## Assignment:
Retype every record exactly. Leave the pictures out.

*** Begin section ***

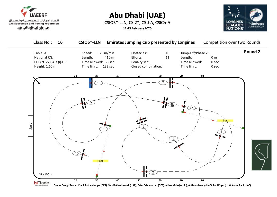 Франк Ротенбергер, также работавший на турнире в Абу-Даби в качестве курс-дизайнера, предложил всадникам дистанцию второго гита с десятью препятствиями вместо девяти.
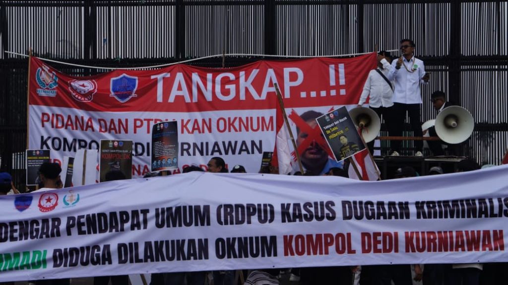 Terlihat massa membawa berbagai atribut unjuk rasa berupa baliho dan spanduk besar yang memuat tuntutan: “Tangkap, Periksa, dan PTDH-kan Oknum Kompol Dedi Kurniawan Diduga Pelaku Kriminalisasi dan Rekayasa Hukum Kasus Rahmadi”.
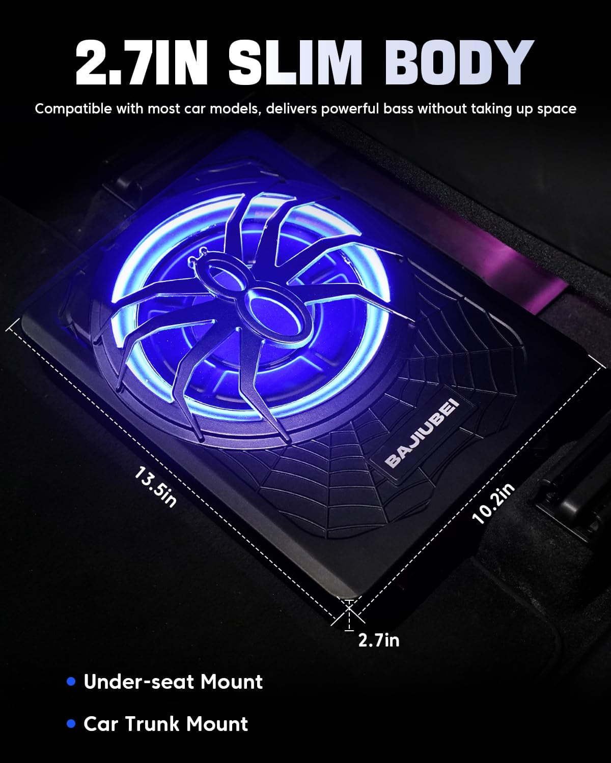 - Powerful & Compact Design: Delivering 1200W peak power, this slim under-seat powered subwoofer offers deep, punchy bass in a compact design that fits effortlessly under most car or truck seats without compromising space.
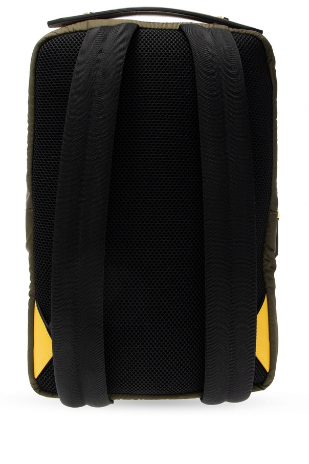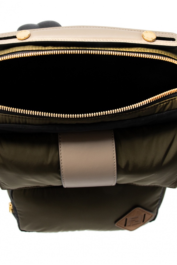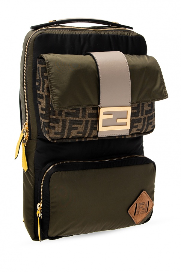 Black and green backpack from Fendi. Emblazoned with jacquard FF motif, this design fastens via zip closure and employs distinctive logo details, two pockets on the front, including zipped one and one with magnetic snap-button closure, a half-round handle, adjustable shoulder straps and interior with one compartment and one velcro-fastened pocket.
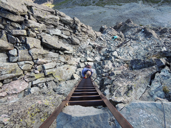 梯子と鎖が連続するが、慎重に上れば危険はない。嫁もすいすい上って行く。

*** End section ***

## Result:
 Франк Ротенбергер, также работавший на турнире в Абу-Даби в качестве курс-дизайнера, предложил всадникам дистанцию второго гита с десятью препятствиями вместо девяти.
 Terlihat massa membawa berbagai atribut unjuk rasa berupa baliho dan spanduk besar yang memuat tuntutan: “Tangkap, Periksa, dan PTDH-kan Oknum Kompol Dedi Kurniawan Diduga Pelaku Kriminalisasi dan Rekayasa Hukum Kasus Rahmadi”.
 - Powerful & Compact Design: Delivering 1200W peak power, this slim under-seat powered subwoofer offers deep, punchy bass in a compact design that fits effortlessly under most car or truck seats without compromising space.
 Black and green backpack from Fendi. Emblazoned with jacquard FF motif, this design fastens via zip closure and employs distinctive logo details, two pockets on the front, including zipped one and one with magnetic snap-button closure, a half-round handle, adjustable shoulder straps and interior with one compartment and one velcro-fastened pocket.
 梯子と鎖が連続するが、慎重に上れば危険はない。嫁もすいすい上って行く。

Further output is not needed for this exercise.